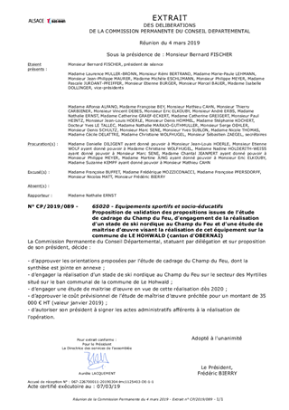 Proposition de validation des propositions issues de l’étude de cadrage du Champ du Feu, d’engagement de la réalisation d’un stade de ski nordique au Champ du Feu et d’une étude de maitrise d’œuvre visant la réalisation de cet équipement sur la commune de LE HOHWALD (canton d’OBERNAI)
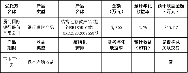 本次委托理財金額:委托廈門國際銀行理財5,300萬元。
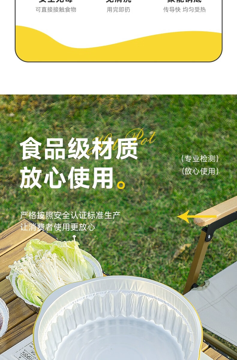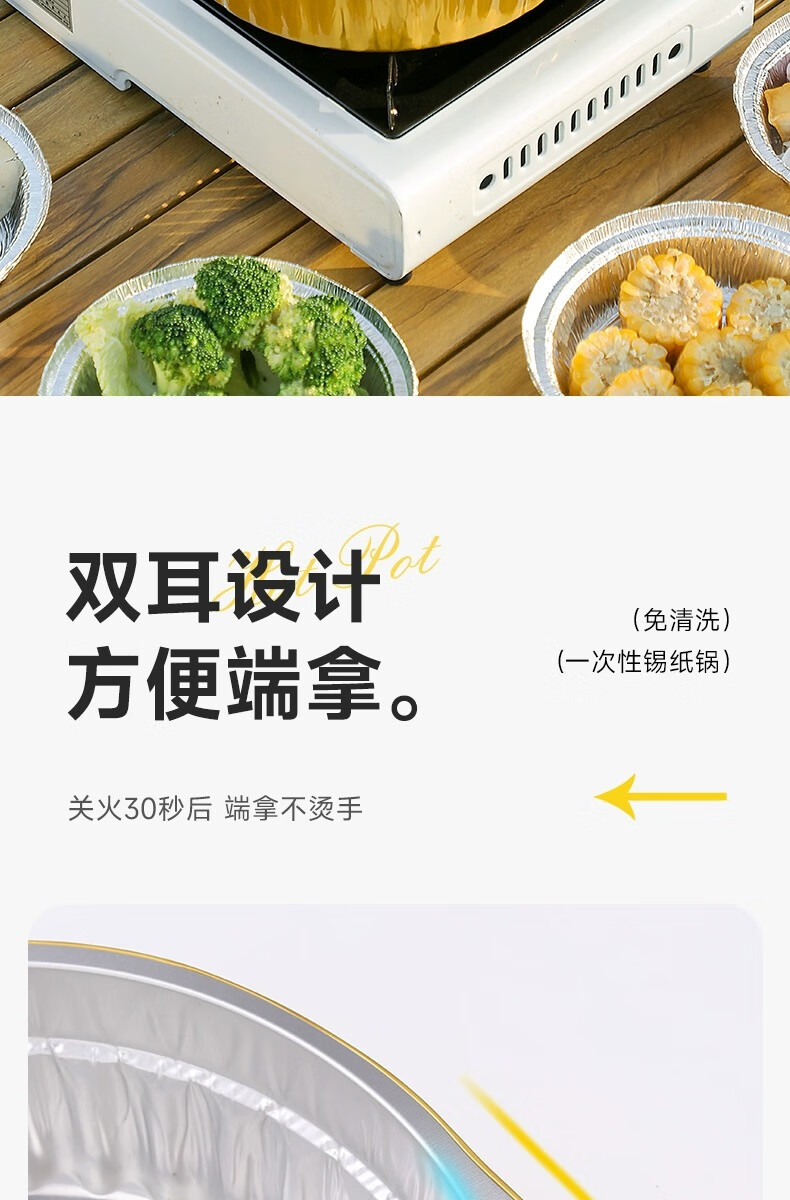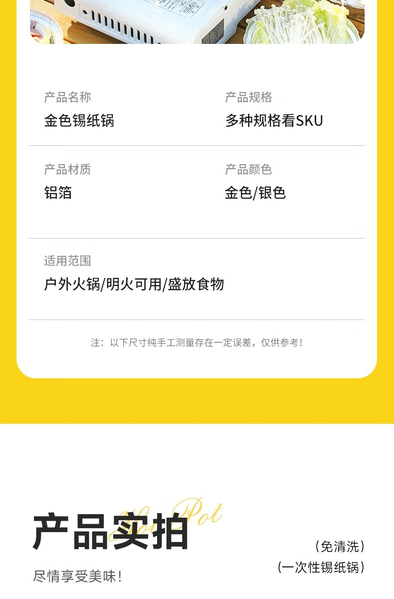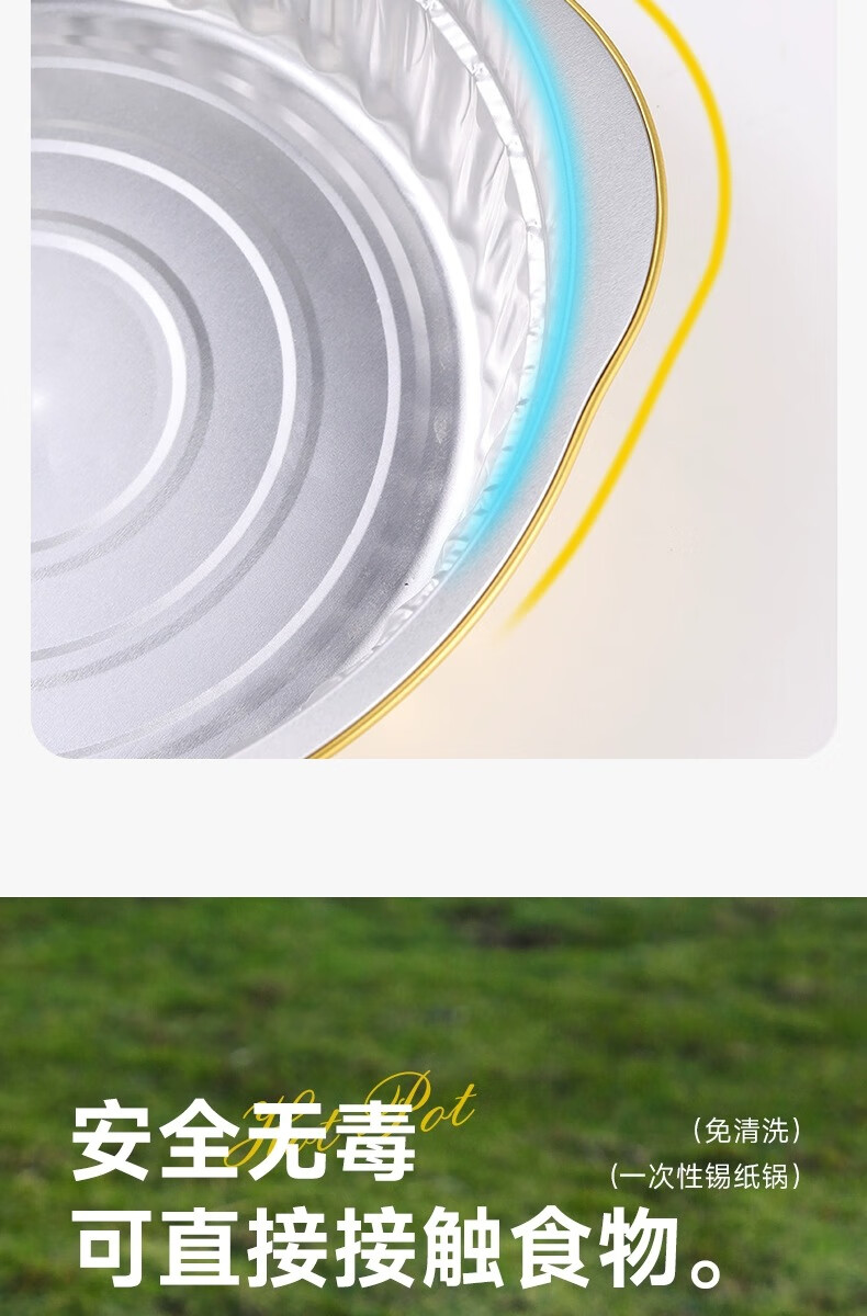 塔夫曼一次性火锅锅具免清洗露营野餐卡式炉用单人小火锅加厚铝箔锡纸锅 【3只1-2人】金色1430ml无盖
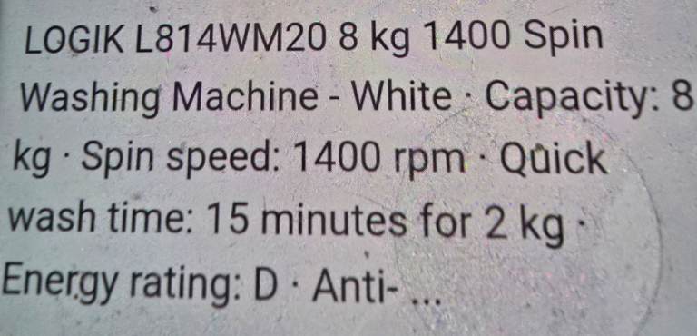 Selling washing machine as moving to new home in the next few days and too big for the space that is there, this is approximately 12 months old great condition capacity and spin speed in pictures
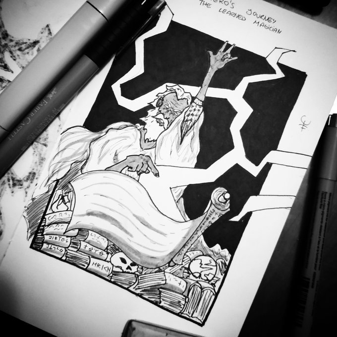 #inktober2019 16 - Hero's Journey: The Learned Magician. When it comes to wizards it's hard to tell the difference between wisdom and madness. instagram.com/p/B3sel3vIPWT/ #Inktober #Fantasy #DungeonsAndDragons #Homebrew #Art #Sketch #Ink #Mage #Wizard
=======
| Directions for this task |
Skip all pictures. Then give again, exactly, each line from the line holding "本次委托理財金額:委托廈門國際銀行理財5,300萬元。" through the last line of the listing above, both ends included.

| Answer box |
 本次委托理財金額:委托廈門國際銀行理財5,300萬元。
 塔夫曼一次性火锅锅具免清洗露营野餐卡式炉用单人小火锅加厚铝箔锡纸锅 【3只1-2人】金色1430ml无盖
 Selling washing machine as moving to new home in the next few days and too big for the space that is there, this is approximately 12 months old great condition capacity and spin speed in pictures
 #inktober2019 16 - Hero's Journey: The Learned Magician. When it comes to wizards it's hard to tell the difference between wisdom and madness. instagram.com/p/B3sel3vIPWT/ #Inktober #Fantasy #DungeonsAndDragons #Homebrew #Art #Sketch #Ink #Mage #Wizard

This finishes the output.